By the 1870's, Glass ornaments were being imported into Britain from Lauscha, in Thuringia (Germany). It became a status symbol to have glass ornaments on the tree, the more one had, the better ones status! Still many home-made things were seen. The British Empire was growing, and the most popular tree topper was the Union Jack (the nation's flag). Sometimes there were flags of the Empire and flags of the allied countries. Trees became very patriotic.
The glass ornaments started being imported into America around 1880, where they were sold through stores such as FW Woolworth. They were quickly followed by American patents for electric lights (1882), (until this time candles were attached to tree branches - which resulted in a lot of fires!) and metal hooks for safer hanging of decorations onto the trees (1892). You can still find candle clips and tree candles in German department stores. The artificial Christmas tree was invented in the 1880's in Germany, to combat some of the damage being done by so many native Fir trees being chopped for Christmas.
The main meal in England on Christmas day was goose (if they were wealthy), ham or roast beef. Turkey is a relatively recent addition, as turkeys are native to America and don't do well in the English climate. Christmas pudding, Figgy pudding and plum pudding are English fruitcakes, saturated in brandy, that date back to the Middle Ages. Suet, flour, sugar, raisins, nuts, and spices are tied loosely in cloth and boiled until the ingredients are "plum," meaning they have enlarged enough to fill the cloth. Brandy is poured over it daily for weeks until it is well pickled! It is then unwrapped, sliced, and topped with cream or custard. You can feel your arteries hardening just looking at it; but it still tastes better than a fruitcake. For some reason those Claxton fruitcakes caught on around the beginning of the 1900's in America. (Personally, I think people are still passing around the same ones manufacture red at the turn of the 1900 century, as no one I know would want to eat one!)

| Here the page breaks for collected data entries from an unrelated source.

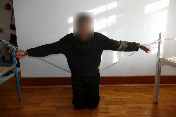 当天下午一点左右,金言鹏问我写不写,我没配合,他过来就给我一个大嘴巴子。说:你敬酒不吃,吃罚酒。把我拽到桌子上,他们又一拥而上强制写了一遍。写完后,他们拉开两个床,把我拽过来,手脖子上缠上毛巾,戴上手铐,分别铐在两张床的床头角铁上,角铁是80公分高、2×2公分的厚壁角铁。角铁上面焊了个耳朵,用铁丝捆到两张床床头上。把我两手臂拉成一字形,人只能弯着腰站着。他们叫我蹲着,我不蹲,他们就使劲的按着我,让我蹲着。我不听他们的就坐到地上。朱少鹏抱着喊着让我蹲,我就是不蹲,他和金言鹏按着我跪在地上,把我两脚用绳子捆住,又把绳子的两头分别在两张床头角铁的小耳朵上拉紧、拴住,他俩把两张床往两边猛劲儿一拽,我的胳膊被拉直,手腕被铐紧,此时被捆紧的双脚就离地了,只有双腿膝盖着地,蹲铐成了跪铐。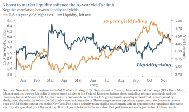 对此,New York Life Investments经济学家兼投资组合策略师Lauren Goodwin表示,她认为对隔夜逆回购的需求下降可能反映出市场的流动性增加,而秋季流动性的增加推动了10年期美债收益率回落。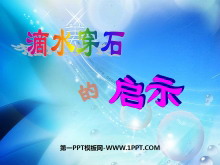 《滴水穿石的启示》PPT课件3水滴的力量是微不足道的,可是它目标专一,持之以恒,所以能把石块滴穿。雨水虽然( ),( ),但是因为它没有( ),也没有( ),所以( )。 你看,古今中外所有..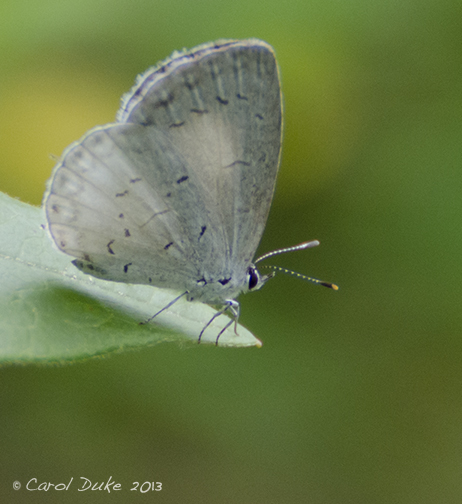 At the beginning, the land forms what appears to be a mini meadow. . . and there . . . during June . . . I was sure to encounter a fellow member of the Gossamer-wings family the American Copper on any day I venture there. Now, in July, I have found these little blues sunning and flitting about in this area and further up towards the end of the path that opens out into the north field. I can walk around the fields and gardens for an hour or more . . . even a day may go by . . . and return to find perhaps the same Eastern Tailed-Blue or another one claiming this little microscopic territory as its own.
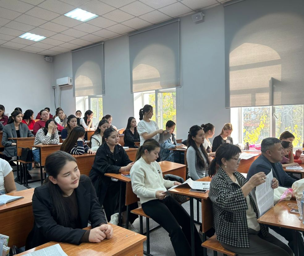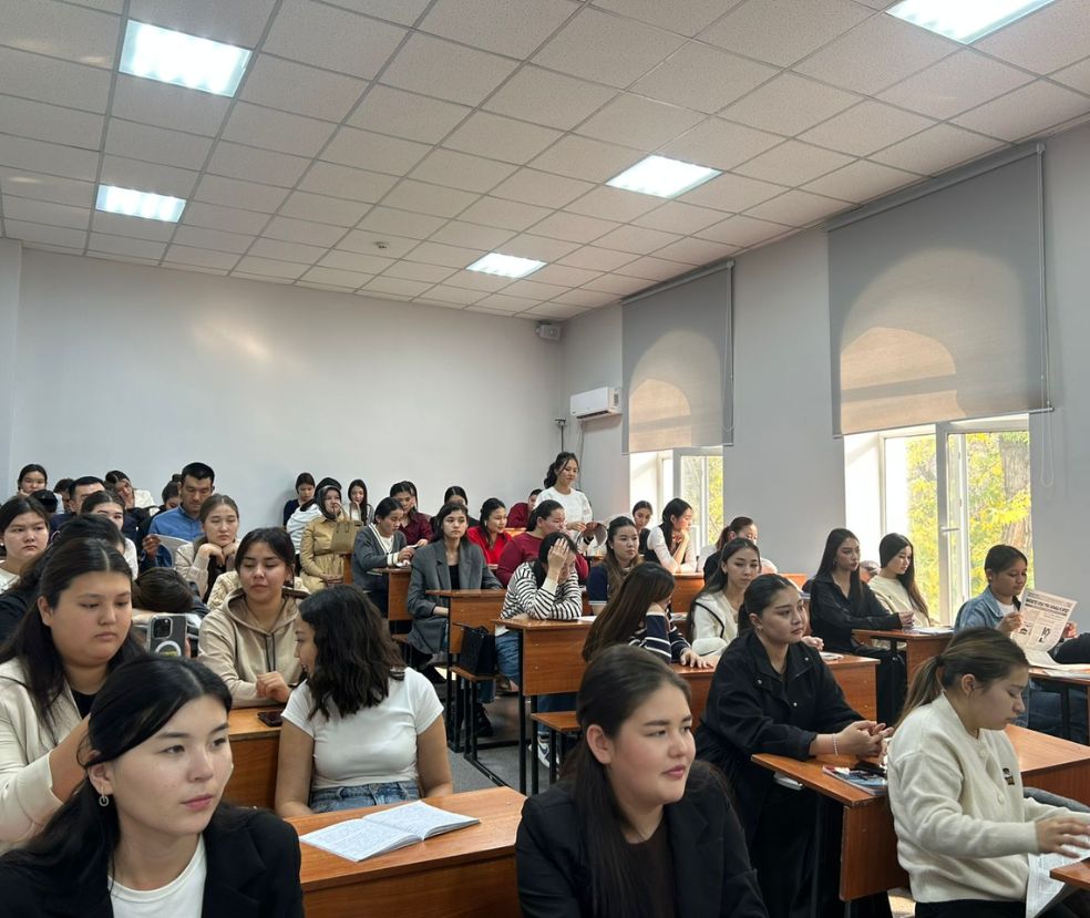 At the end of the lecture, the presentation of R.R. Abishova’s book “The Source of My Happiness…” took place. The students actively participated by asking questions related to national spirit, cultural values, upbringing, and moral education, receiving comprehensive answers.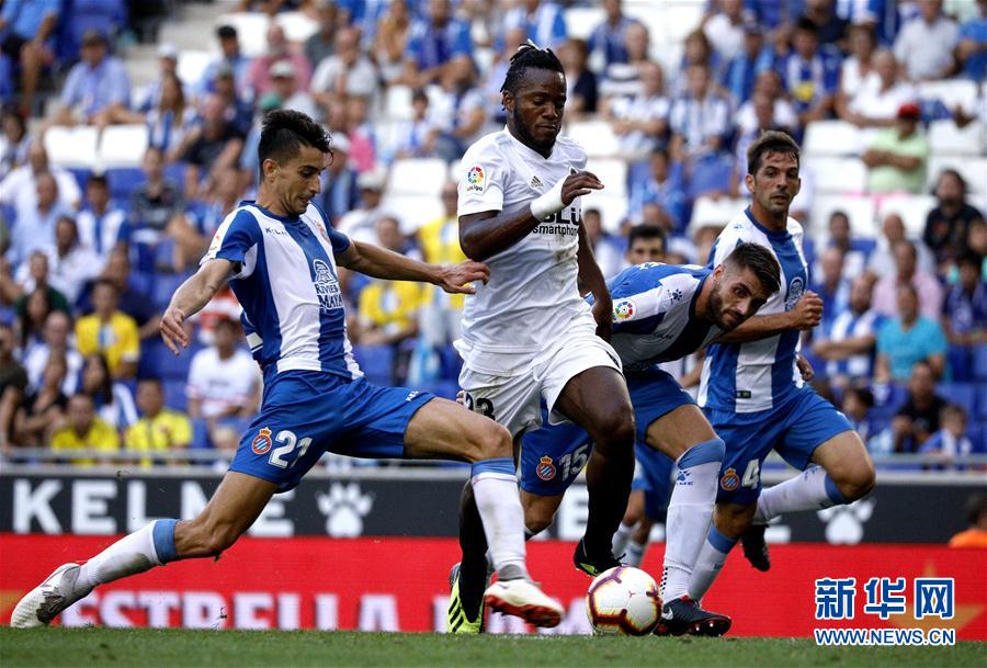 8月26日,西班牙人队球员洛卡(左一)与巴伦西亚队球员巴舒亚伊(左二)在比赛中拼抢。 当日,在2018-2019赛季西班牙足球甲级联赛第二轮比赛中,西班牙人队主场以2比0战胜巴伦西亚队。 新华社发(胡安·戈萨摄)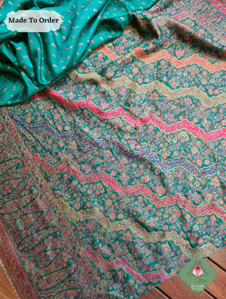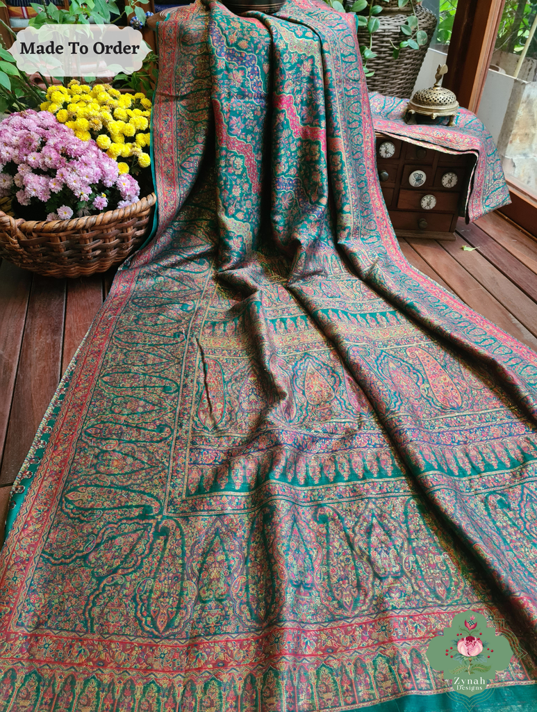 About The Craft: Kashmiri Pure Kani Silk Jamavar Sarees are woven using an ancient and intricate technique that dates back centuries. The weaving process involves wooden 'Kani' spools, each carrying a different colored thread, carefully interlaced to create elaborate patterns without any embroidery or printing. Weavers follow a coded pattern called ‘Talim,’ which guides them in crafting the design, sometimes taking months or even years to complete a single saree. The motifs, deeply inspired by Persian and Mughal art, include paisleys, florals, chinar leaves, and intricate vines, symbolizing nature and cultural richness. The luxurious blend of Pashmina and silk ensures a soft, warm, and regal drape, making these sarees a true testament to Kashmir’s textile heritage.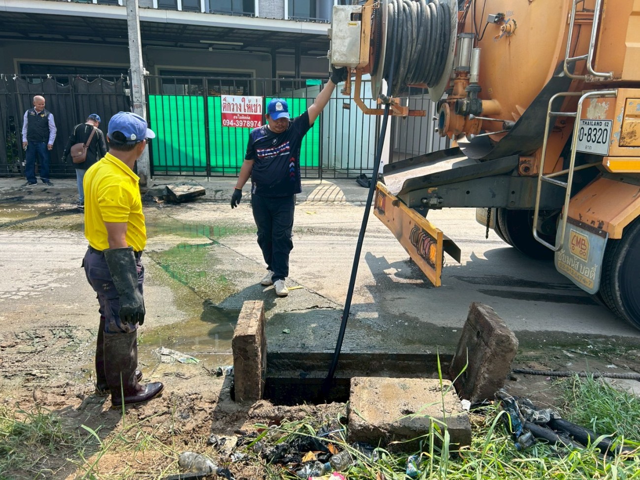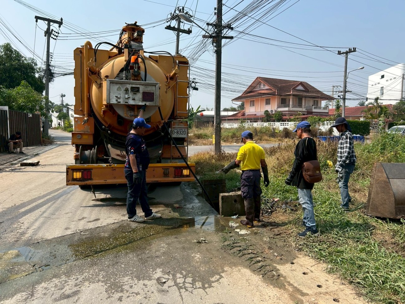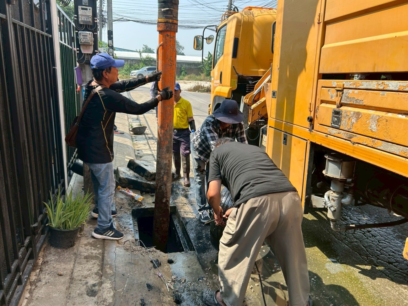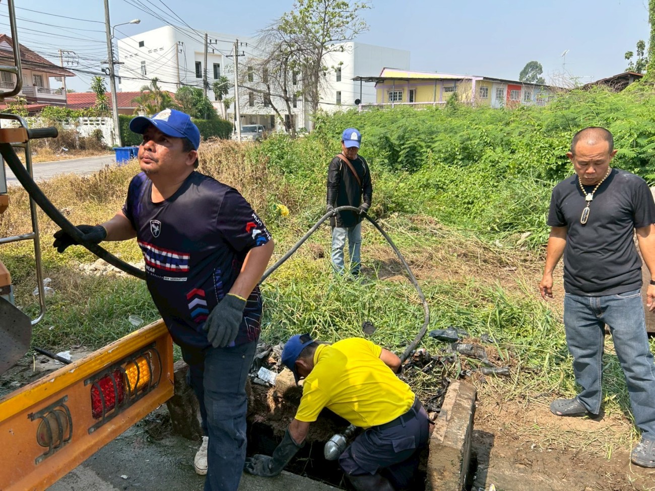 1. ได้ดำเนินการดูดโคลนลอกท่อระบายน้ำ บริเวณซอยสวนแสนพันธ์ ชุมชนร่วมแรง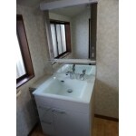 今度は、歯ブラシ等を隠せるように3面鏡としました。設置場所の上部は、屋根の勾配通りに、斜めになっている為、壁際から少し離して設置しております。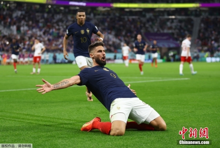 今天凌晨结束的卡塔尔世界杯八分之一决赛,法国队对阵波兰队的比赛中,36岁老将吉鲁为球队首开纪录,他也以52粒国家队进球,超越名宿亨利加冕法国队射手王。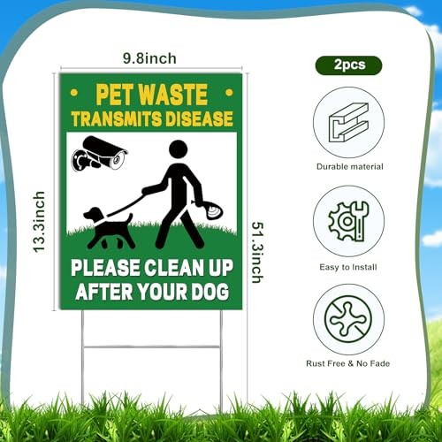 2-Pack No Pooping Dog Signs for Yard Clean Up After Pet Waste, 13x10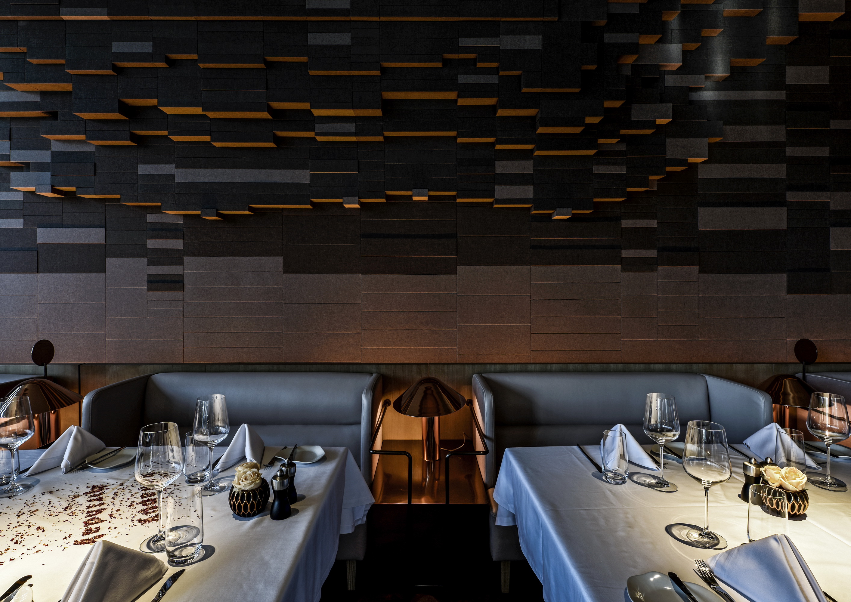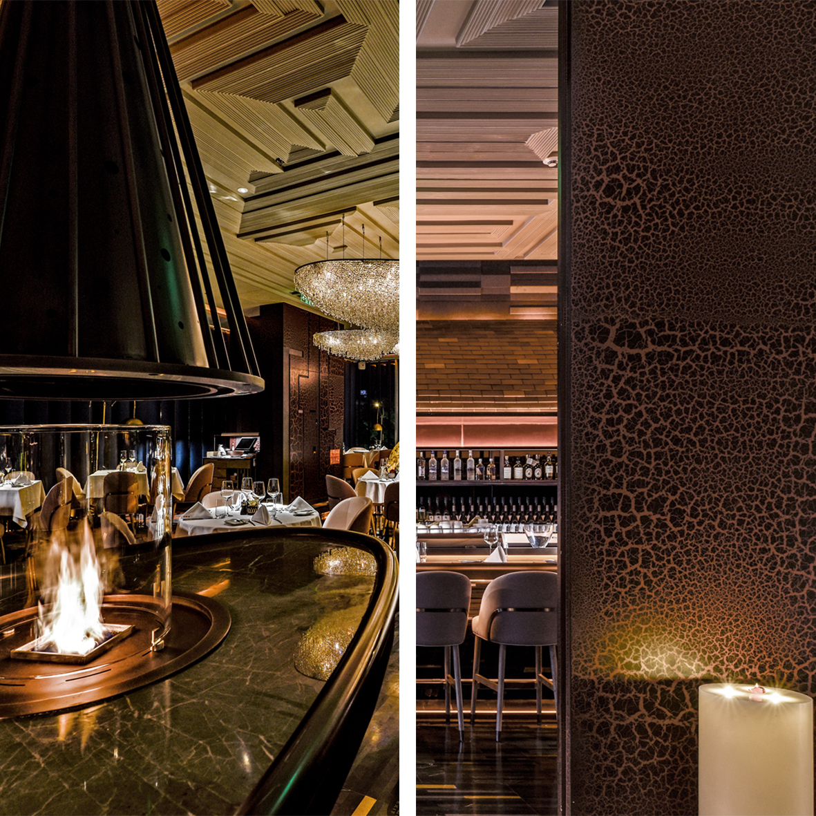 设计选材:青石、紫铜、铜砖、成品金属百叶、红色珠光漆、木饰面龟裂纹漆、麻布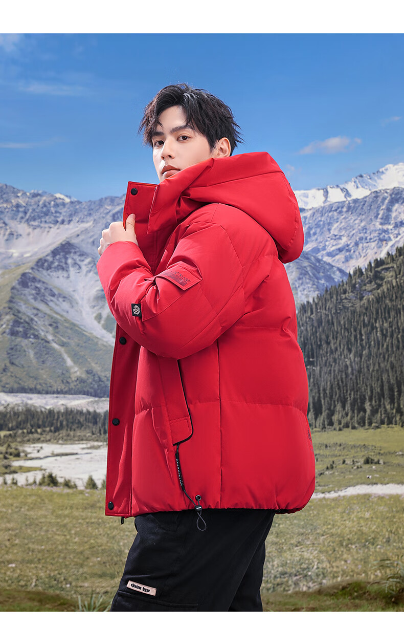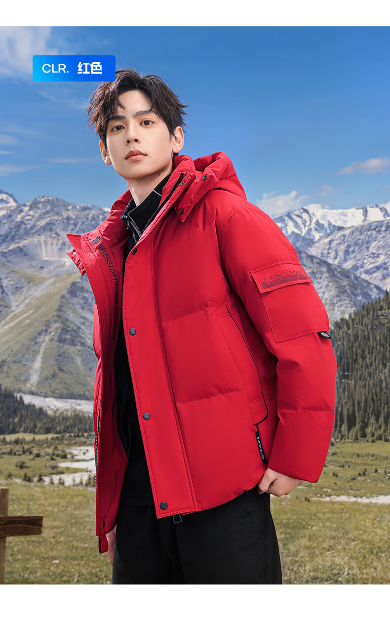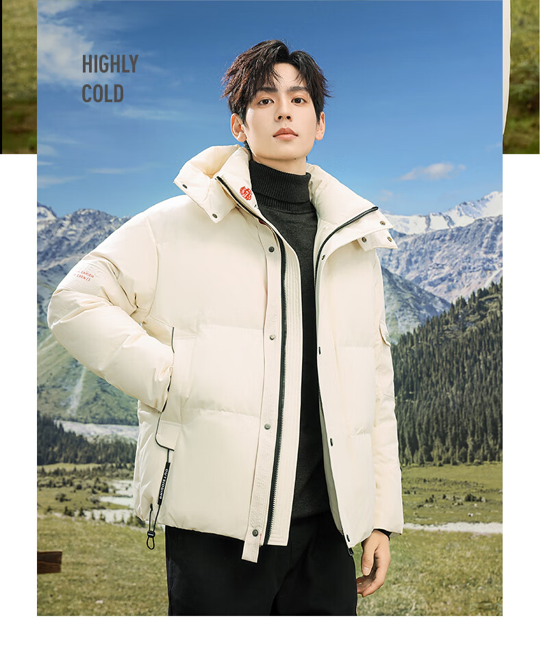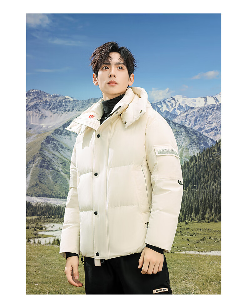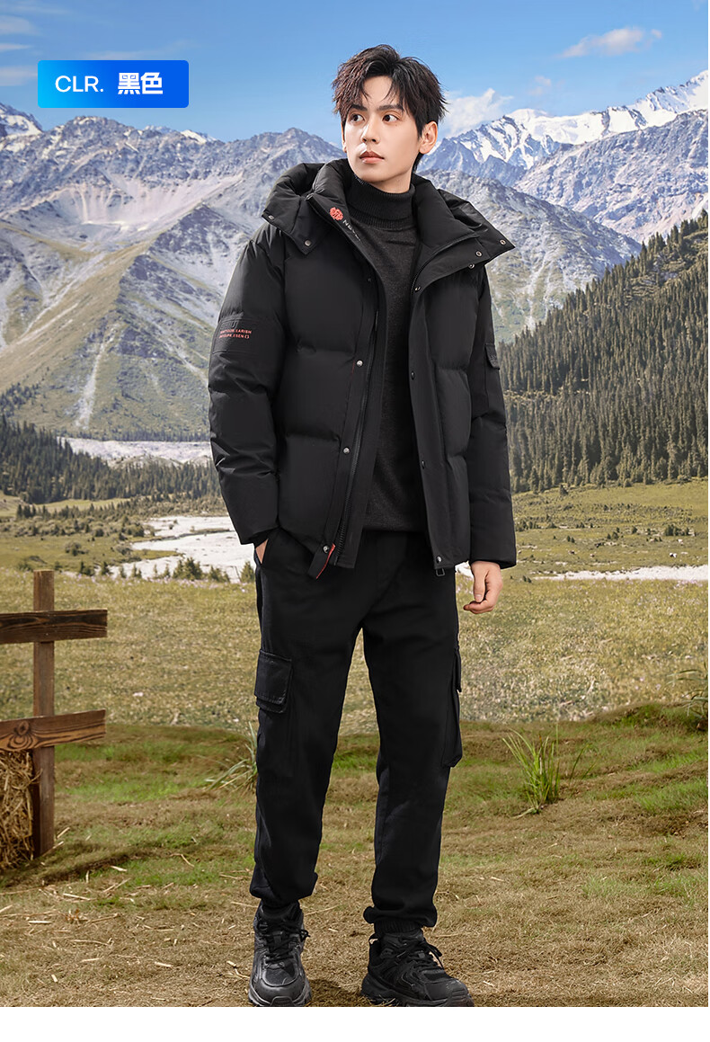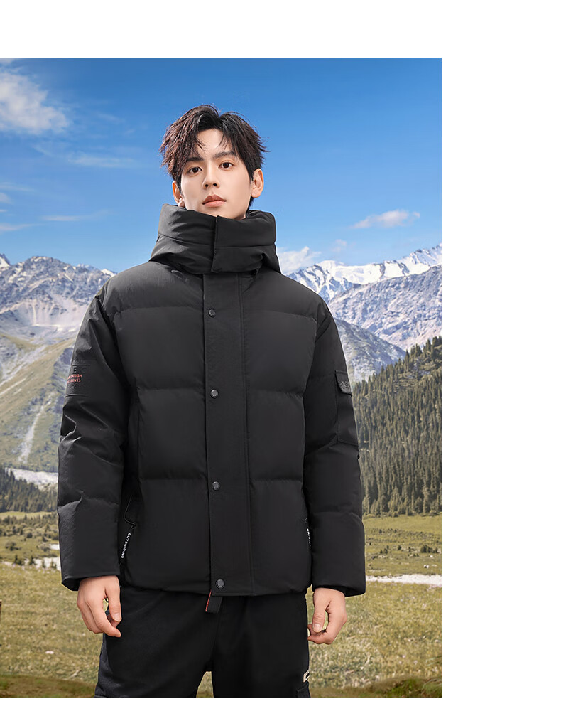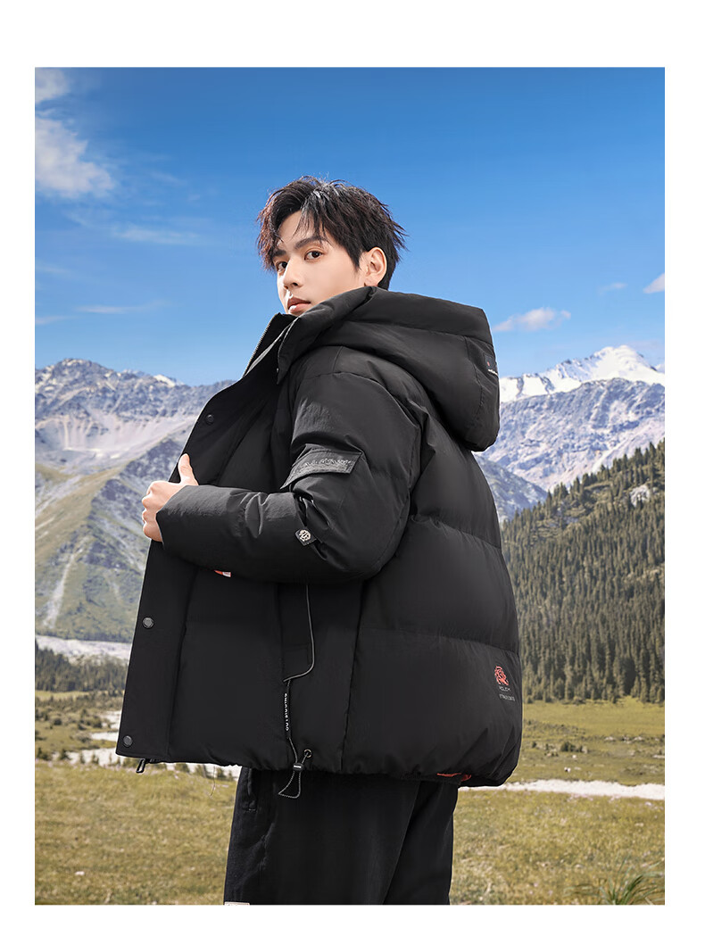 Flying in the Snow 90 Down Jacket Men's Removable Hat Thickened Fashion Casual Autumn and Winter Warm and Coldproof Jacket Men's Black 180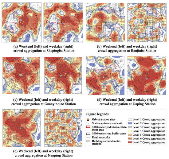 Considering the emphasis on pedestrian behavior in metro transit stations areas, understanding the motivations driving pedestrian traffic—particularly commercial and transfer-related activities—is crucial for maximizing the economic and environmental benefits of station area development. Comparing pedestrian congregation patterns on weekends and weekdays offers valuable insights into a station’s ability to attract crowds and the underlying motivations for pedestrian visits (Figure 6).
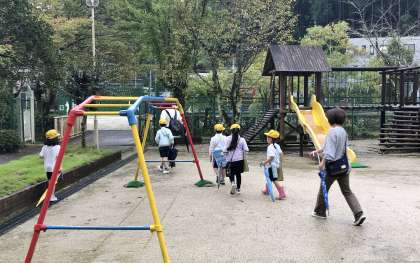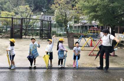 1年生が交通安全教室に出かけていきました。出発するころには雨も上がっていました。中金小学校恒例の「行ってきます」「行ってらっしゃい」のあいさつを済ませ、たくましく成長した1年生が元気に出かけていきました。午後からは、4年生が交通安全教室に出かけていきます。

The Christmas tree popularity died down somewhat in the UK after the death of Queen Victoria. but in the 1930's (in Britain) there was a revival of Dickensian nostalgia, particularly in Britain. Christmas cards all sported Crinoline ladies with muffs and bonnets popular in the 1840's. Christmas Trees became large, and real again, and were decorated with many bells, balls and tinsels, and with a beautiful golden haired angel at the top.
But wartime England put a stop to many of these trees. It was forbidden to cut trees down for decoration, and with so many raids, many people preferred to keep their most precious heirloom Christmas tree decorations carefully stored away in metal boxes, and decorated only a small tabletop tree with home-made decorations, which could be taken down into the shelters for a little Christmas cheer, when the air-raid sirens went.
The first national American Christmas Tree was lighted in the year 1923 on the White House lawn by President Calvin Coolidge. A tree from the National Christmas Tree Association has been displayed in the Blue Room of the White House since 1966. See Christmas Trees at the White House.
After World War II, the Christmas tree again became popular!
The mid-1960's saw another change. Sammy Davis Jr, and the Mod 60's were booming, and plastic was everywhere. Silver aluminum trees became popular. The 'Silver Pine' tree, patented in the 1950's, was designed to have a revolving light source under it, with coloured gelatine 'windows, which allowed the light to shine in different shades as it revolved under the tree. No decorations were needed for this tree. Very "hip"!